By Judith Sijstermans (PiAP Belgium focused Research Fellow) – this post originally appeared on EA Worldview
In Belgium, a petition to remove statues of King Leopold II has accrued more than 80,000 signatures. In response to this and the Black Lives Matter protests across the country, Belgium’s King Philippe expressed his regrets for the “wounds of the past”, breaking the Royal Family’s 60-year silence on the atrocities committed in the Congo under Leopold’s rule.
Belgium’s populist radical right party, Vlaams Belang (VB, Flemish Interest), has distanced itself from the King’s statement and the BLM movement. The party supports Flemish independence from the Belgian state. As VB member of the Belgian Parliament, Wouter Vermeersch, explained to Politico: “The Flemish people had nothing to do with Belgium’s colonial history.”
In the reckoning over Belgium’s colonial past, Vlaams Belang is positioning itself at the intersection of the ideologies of sub-state nationalism, republicanism, and populism.
Vlaams Belang was the second-largest Flemish party in Belgium’s 2019 elections, with success built on its critique of Belgium’s migration policies. The party regained issue ownership over immigration after pressuring its closest competitor, right-wing Flemish nationalist Nieuw-Vlaamse Alliantie (N-VA), to leave the ruling Belgian coalition in response to the UN Migration Pact.
Vlaams Belang suggests that BLM is a “projection” of American problems and emphasizes that people should be proud of Flanders’ “unique and high-quality civilization”. They argue that criticism of colonialism is hypocritical, unfairly targeting Western civilization without considering human rights violations outside the Western world.
The Layers of Past and Present
In the last five years, VB’s leadership has begun to moderate its language. Individuals in the party have been more outspoken over Black Lives Matter. Long-time figurehead Filip Dewinter wrote on Twitter:
They want to make #Europe #Africa….Anyone who, as a foreigner, thinks that our country is racist and colonialist, should return to his country of origin where everything is better.
But the party’s approach to Belgium’s colonial history is more nuanced than an emphasis on criticizing how migration has been managed in the country.
Its stance intersects with the communitarian divisions between Flanders and Wallonia in Belgian politics. The VB originally emerged from the Flemish nationalist community, and support for Flemish independence from the Belgian state is still one of its key policies.

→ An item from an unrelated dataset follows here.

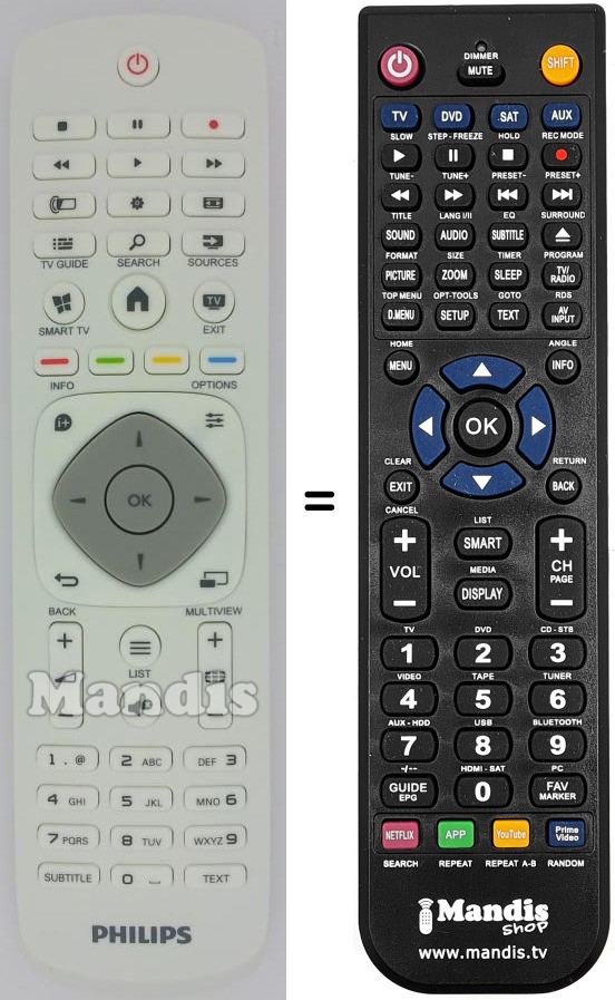 Comando à distância que substitui o original em todas as suas funções.

MP Vermeersch noted in another interview: “This is part of the history of Belgium,” arguing that it is important to recognize this history rather than erasing it. Underpinning the statement is an important implication: this is not the history of Flanders.
Furthermore, Vlaams Belang is a republican party and rejects the monarchy. The latter, the VB has argued, should apologize for colonization: not the Belgian people, “let alone the Flemish people”. Vermeersch continues, in the Politico interview: “It was the royal family and the French-speaking haute finance who were responsible for this. If someone has to pay for mistakes in the past, it’s them.”
VB’s response thus brings together various elites — the monarchy, the French-speaking economic elite, the Belgian state — and places the responsibility for Belgium’s colonial past squarely on their shoulders. This highlights the way in which the VB mobilizes a populist discourse of the “people versus the elite” and seeks to be the mouthpiece for those they identify as “the people”.
Before this discussion, political elites had been muted about Belgium’s colonial history. Historian Idesbald Goddeeris explains that this silence results in part from the “great identity crisis” of the country.
With the rise of the Flemish nationalist N-VA since 2009 and the re-emergence of the VB since 2018, criticisms of Belgium’s colonial past “can easily be interpreted as criticism of Belgium as a whole”. Speaking out on the issue carries particular sensitivities for political elites, from across the ideological spectrum, who are navigating the country’s communitarian divides.
Debates around Belgium’s colonial past are shaped by this complicated set of dynamics. They serve as a reminder that the ideologies of populist radical right parties in Europe should not be reduced to nativism or criticism of immigration policies. Rather, Vlaams Belang’s fundamental tradition of republicanism and Flemish nationalism builds a more complex, layered idea of who “the people” are.